DataOps Reference Project
The DataOps reference project, located in our data product platform contains a set of standard definitions, jobs, and other project content automatically included in every DataOps project.
Why have a reference project?
Most files needed for a DataOps project are standard configuration and job definition files that rarely change. Therefore, it does not make sense to recreate these files every time you create a new DataOps project. An early solution was to collate these files into a standard project template and duplicate them into each new project.
However, it quickly became apparent that the ongoing cost of maintaining and updating these files would become a significant limiting factor to development within the data product platform. Therefore, we created the DataOps Reference Project with all of these files. This reference project is then inherited in each new project.

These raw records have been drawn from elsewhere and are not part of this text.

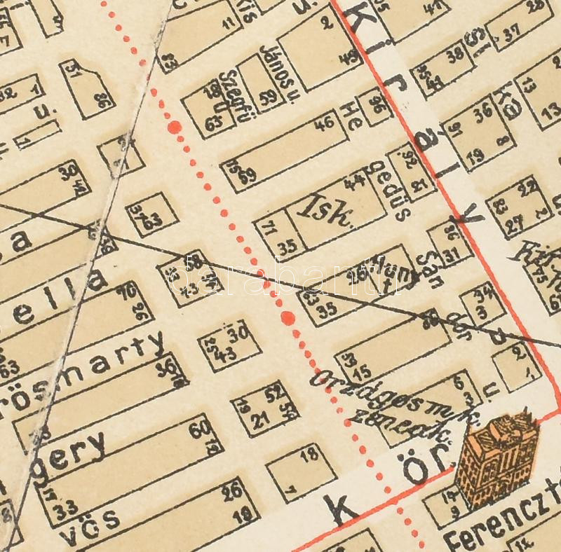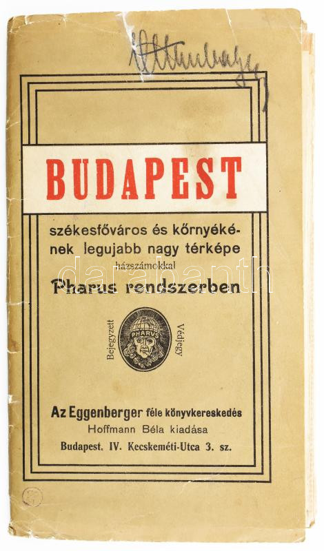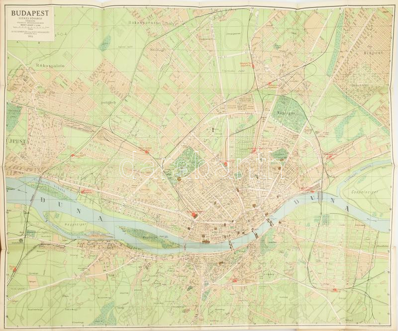 1912 Budapest székesfőváros és környékének legújabb nagy térképe házszámokkal Pharus rendszerben, 95×80 cm Utcajegyzékkel, hátul néhol papírragasztóval megerősítve
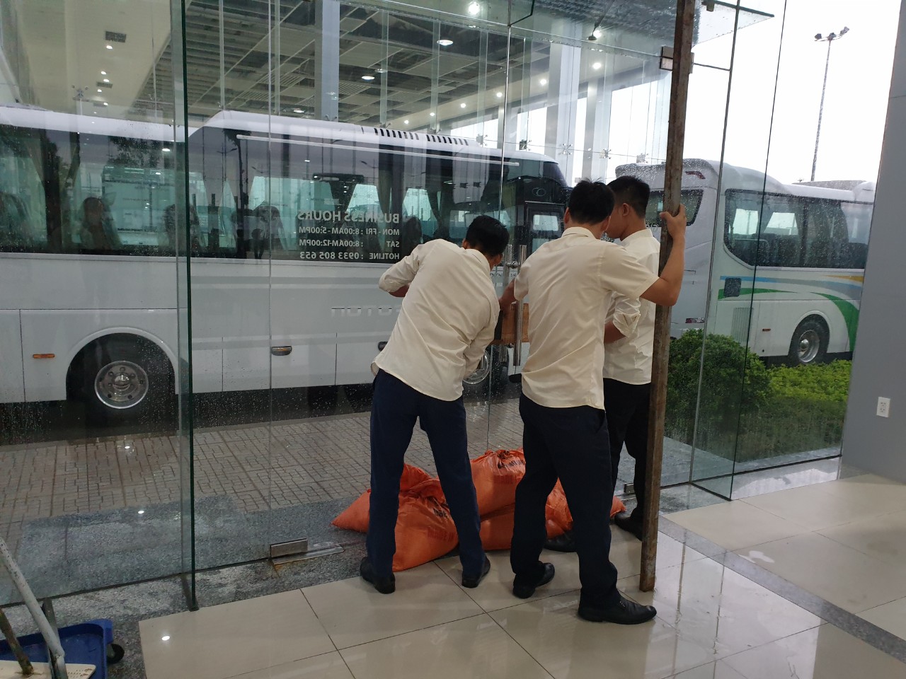 Trong khi đó, Bộ phận KD xe, DVPT và các nghiệp vụ phối hợp thực hiện các biện pháp gia cố showroom, xưởng dịch vụ bằng các dụng cụ chuyên dùng như thanh giằng chống cho cửa kính, vách kính; Gia cố cửa kính thủy lực tại các Showroom. Các bộ phận được tổ chức, bố trí di dời, gia cố các tài sản để giảm thiểu rủi ro. Song song đó, Tải, bus Thanh Hóa đã bố trí nhân sự trực chống bão tại Showroom 24/24, bố trí nhân sự thường xuyên cập nhật thông tin diễn biến bão để có giải pháp phù hợp. Đặc biệt, nhân sự tuyệt đối không ra ngoài khi bão đổ bộ.
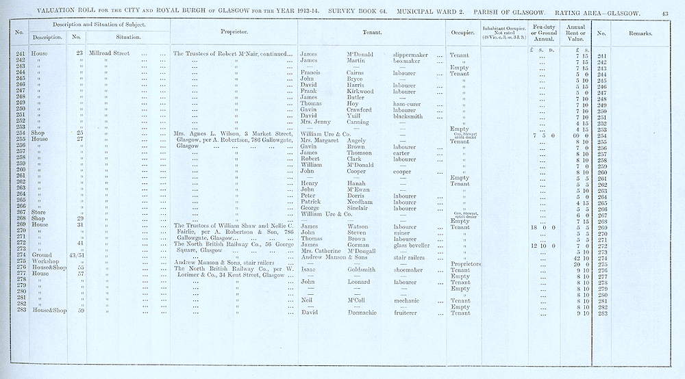 Glasgow Valuation Roll VR 1913-14, Ward 02, p043
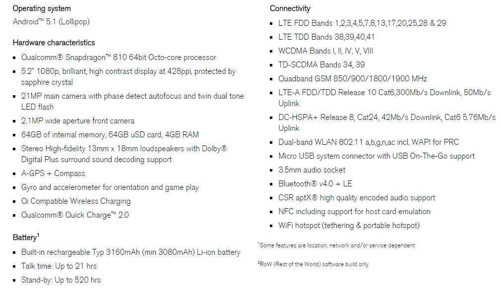 ▲Vertu New Signature Touch (2015) 規格一覽。

You can also create custom reference projects to avoid content repetition if you have multiple Dataops projects. For more information, see How to Create a Custom Reference Project.
How is the reference project implemented?
The DataOps Reference Project has an access level of internal so that only authenticated users have read-only access to it.
The following standard content is maintained in the reference project, including:
- Default values for the main DataOps variables
- Additional variables that provide icons and orchestrator image names
- A before_script that runs at the start of every job to set the runtime variables
- Standard job configurations for pipeline initialization, secrets loading, Snowflake setup, and so on
- Base jobs to allow simpler project job definitions
- Execution rules, allowing branch-based job control, implemented as base jobs
Each new project created from the DataOps template project includes a bootstrap.yml
file in all pipeline files that loads all the reference project files.
What are the reference project benefits?
You can manage most of the standard pipeline configuration and content from within the reference project. This allows us to push updates to a single location, support new features or fix issues and push changes seamlessly to all your pipelines when they run.
How to override the standard configurations in the reference project?
You must modify your project settings for simple changes such as adding or removing stages.
However, for more complex changes like tweaking any Snowflake Object Lifecycle Engine (SOLE) jobs, the best way is to copy the relevant file from the reference project implementation to your project and make changes in this file. The workflow for this is as follows:
- Copy the file in question from the reference project to the exact location in your project as per the project structure
- Make the changes you need to this file
- Edit your project's
bootstrap.yml
to alter the changed file's link from the reference project to its new local location
Although making such changes is often merited, remember that it becomes something you must support and maintain yourself. You won't directly receive any standard updates to the file from the reference project unless you merge them manually.